We are advancing these pre-clinical results to clinical applications through two separate studies. We have ethics approval to perform a 100-patient study of their experience in a novel radiotherapy patient rotation system described in Feain et al (2017a). We are in the process of obtaining ethics approval for a 30-patient study that, in addition to measuring the patient experience under rotation, will also acquire volumetric MRI imaging data. This imaging data will be used to quantify human anatomic deformation due to gravity and also the impact on treatment planning. The latter study will use the MRI-compatible patient rotation system described by Whelan et al (2017).
5. Conclusion
This novel study investigates gravity-induced motion from longitudinal rotation on live animal subjects. The results of this imaging study showed that deformations introduced by subject rotation were of the same magnitude as physiological motion from respiration. The proof-of-principle is shown in rabbits, with encouraging results showing promise for larger subjects. By collecting images at fixed rotation points, we collected a ground truth for further work to develop methods for CBCT reconstruction incorporating motion with fixed source and rotating subject.

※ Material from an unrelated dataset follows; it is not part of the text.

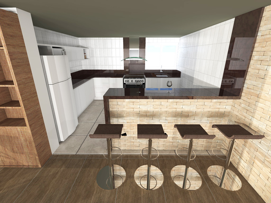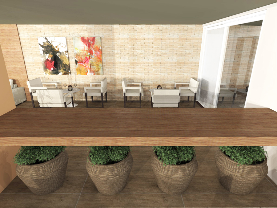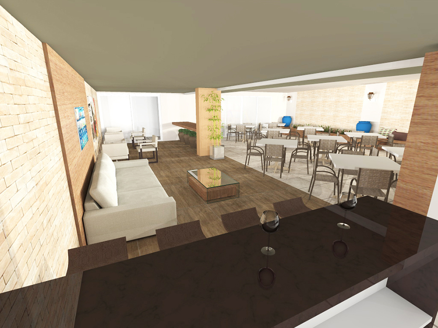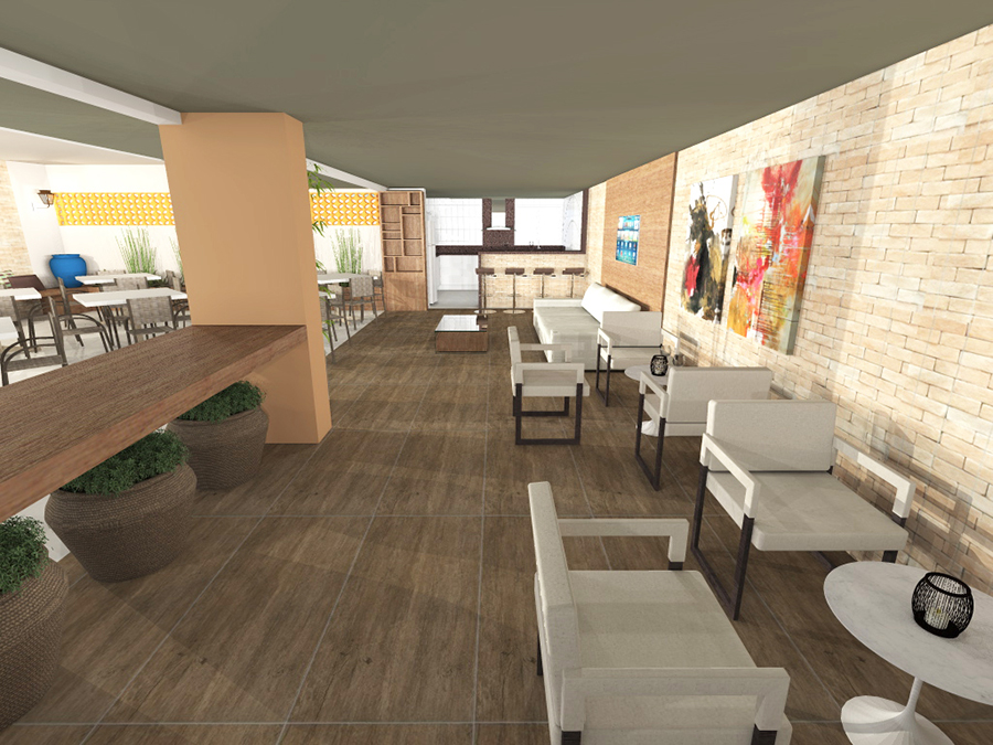O projeto do salão de festas, localizado na área comum de um condomínio residencial, visou amplitude, iluminação e ventilação com materiais que valorizaram o espaço. O resultado foi um salão de festas totalmente repaginado e moderno, aumento da capacidade do salão para até 120 pessoas e divisão dos espaço em diferentes setores: buffet, cozinha americana, lounge e salão com cadeiras.

The principle motion of the rotated subjects was translational due to movement of internal tissues inside the animal. The deformation of the anatomy under rotation was found to be equal in scale to normal physiological motion. This indicates imaging and treatment of rotated subjects with fixed-beam systems can use rigid registration as the primary mode of motion estimation. While the scaling of deformation from rabbits to humans is uncertain, these proof-of-principle results indicate promise for fixed-beam treatment systems, implying it may be possible to do image-guided radiotherapy with fixed-beam systems and achieve similar accuracy to that practiced in the current standard of care for lung cancer radiotherapy, i.e. image guidance based on respiratory-blurred CBCT scans.
Acknowledgments
The authors acknowledge the support of staff at Nelune Cancer Centre (Prince of Wales Hospital, Sydney) and Crown Princess Mary Cancer Centre (Westmead Hospital, Sydney) for this work. Partially funded by NHMRC Development Grant APP1118450.
Conflict of interest
Authors Feain and Keall are shareholders and directors of Nano-X Pty. Ltd, a radiation therapy machine which incorporates patient rotation. Authors Feain and Keall are inventors on several pending patents involving patient rotation during radiotherapy.